Return the lines of the data below, from the one containing "В номере: вешалка, диван" through the very last, exactly and with both ends included; no pictures.

» **Recorded data**
>>>
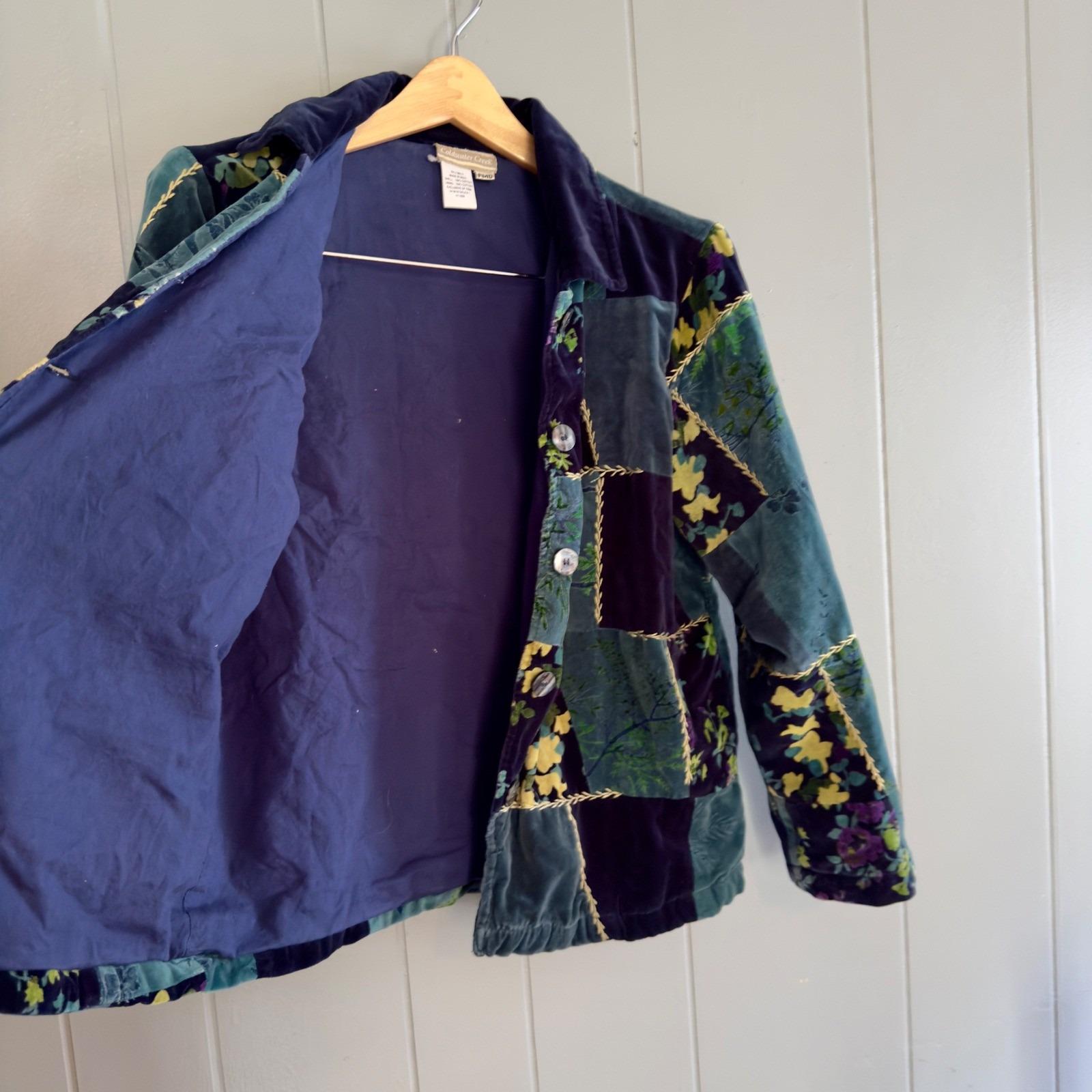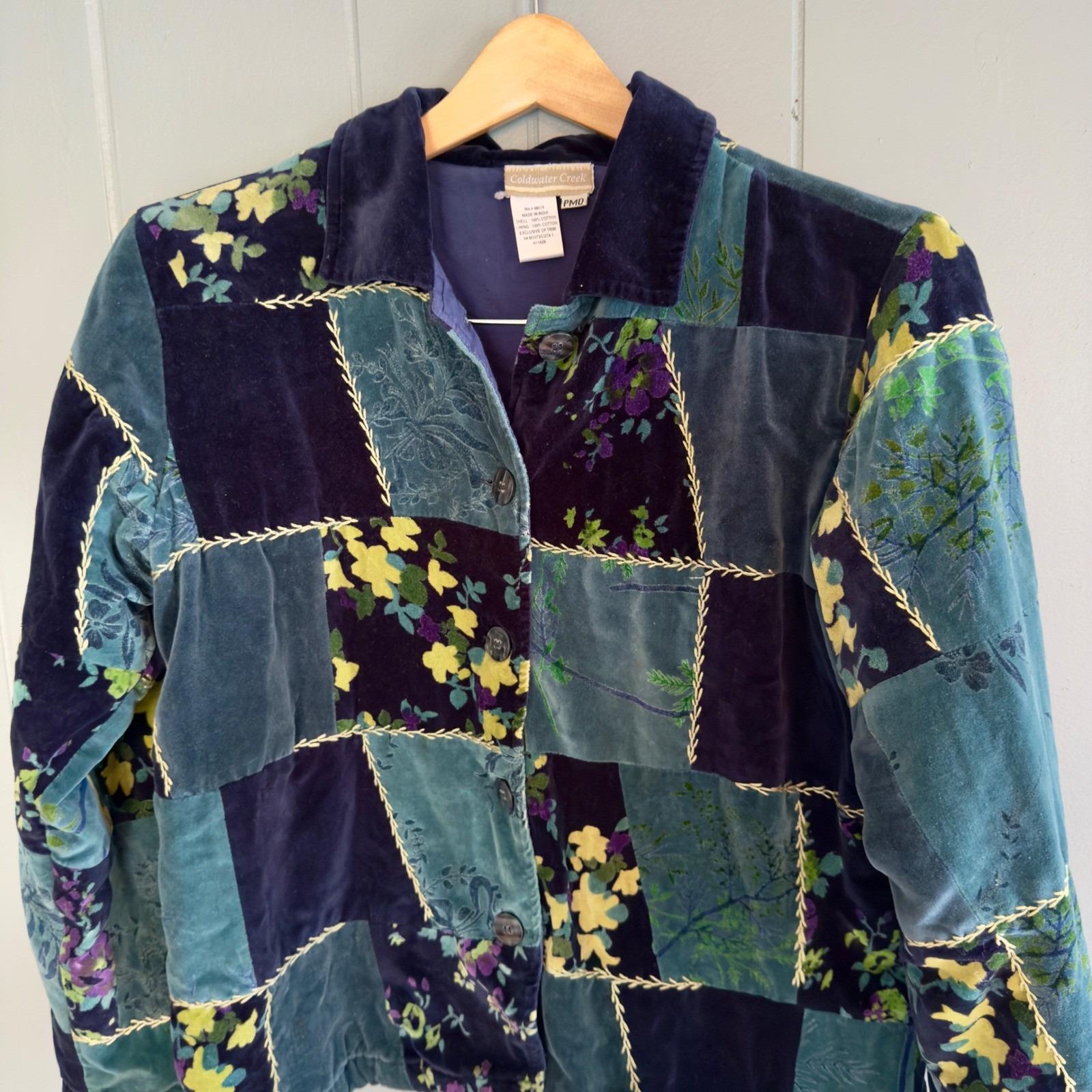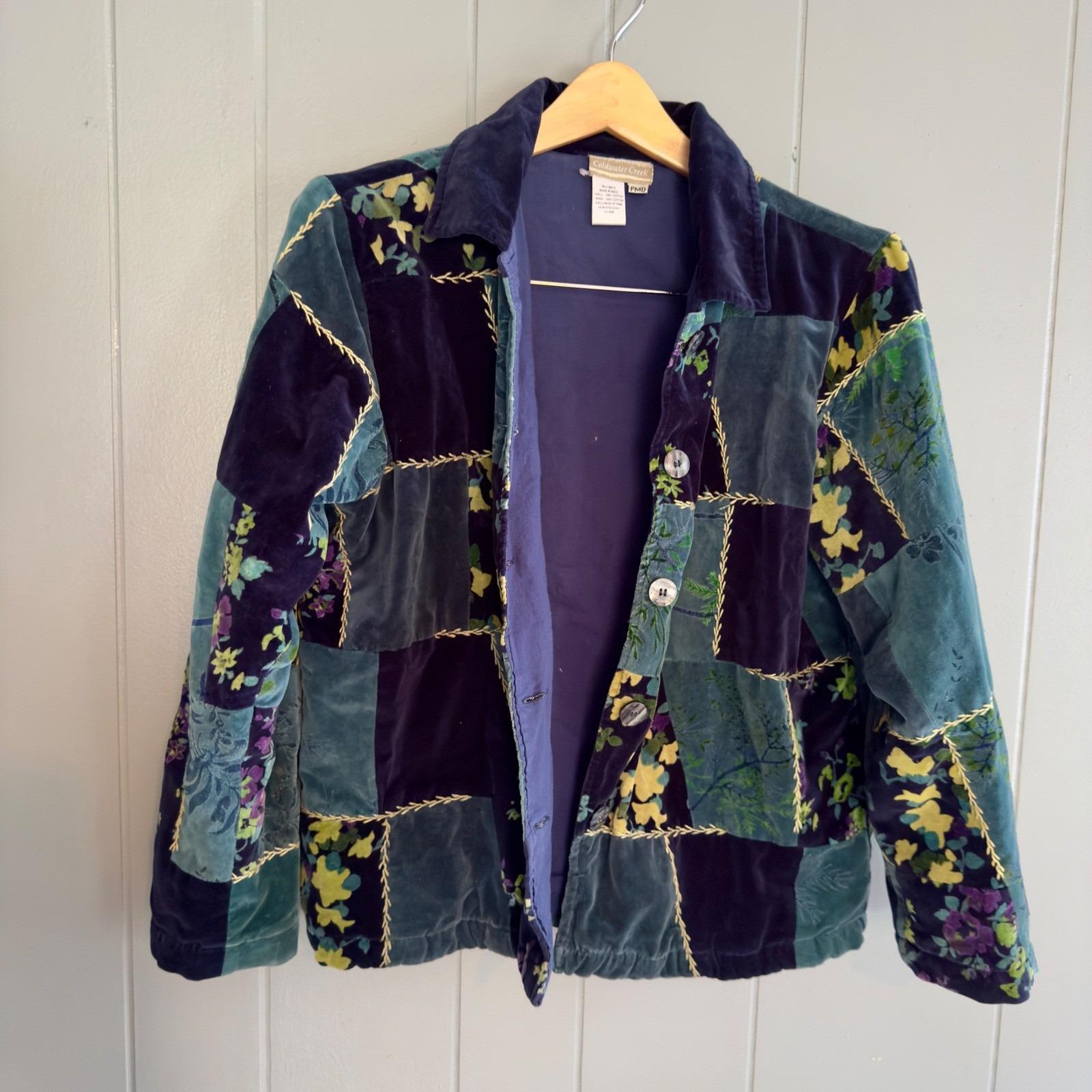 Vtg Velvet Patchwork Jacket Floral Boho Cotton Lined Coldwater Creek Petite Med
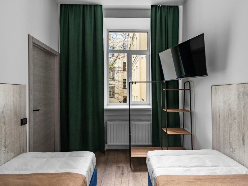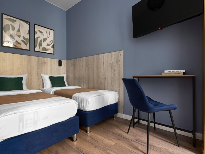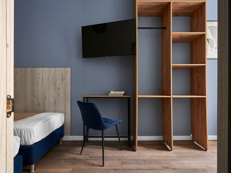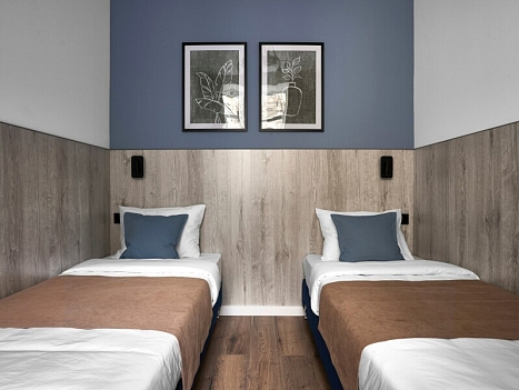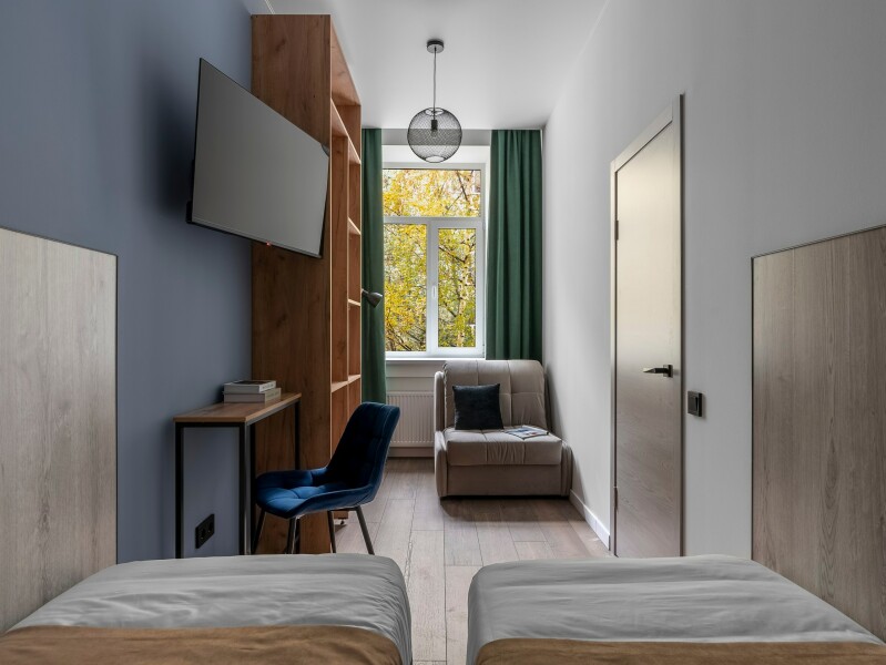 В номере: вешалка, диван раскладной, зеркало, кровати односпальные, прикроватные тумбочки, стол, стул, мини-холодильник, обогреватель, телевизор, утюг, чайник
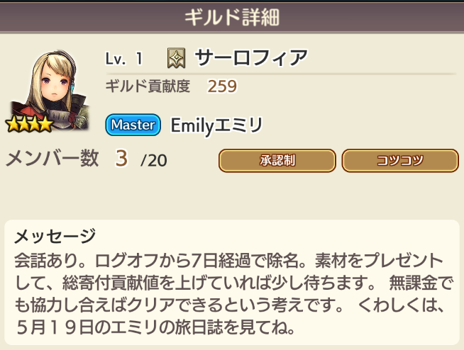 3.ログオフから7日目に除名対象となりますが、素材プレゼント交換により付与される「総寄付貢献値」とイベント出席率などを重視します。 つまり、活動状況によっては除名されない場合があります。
<<<
» **Written answer**
 В номере: вешалка, диван раскладной, зеркало, кровати односпальные, прикроватные тумбочки, стол, стул, мини-холодильник, обогреватель, телевизор, утюг, чайник
 3.ログオフから7日目に除名対象となりますが、素材プレゼント交換により付与される「総寄付貢献値」とイベント出席率などを重視します。 つまり、活動状況によっては除名されない場合があります。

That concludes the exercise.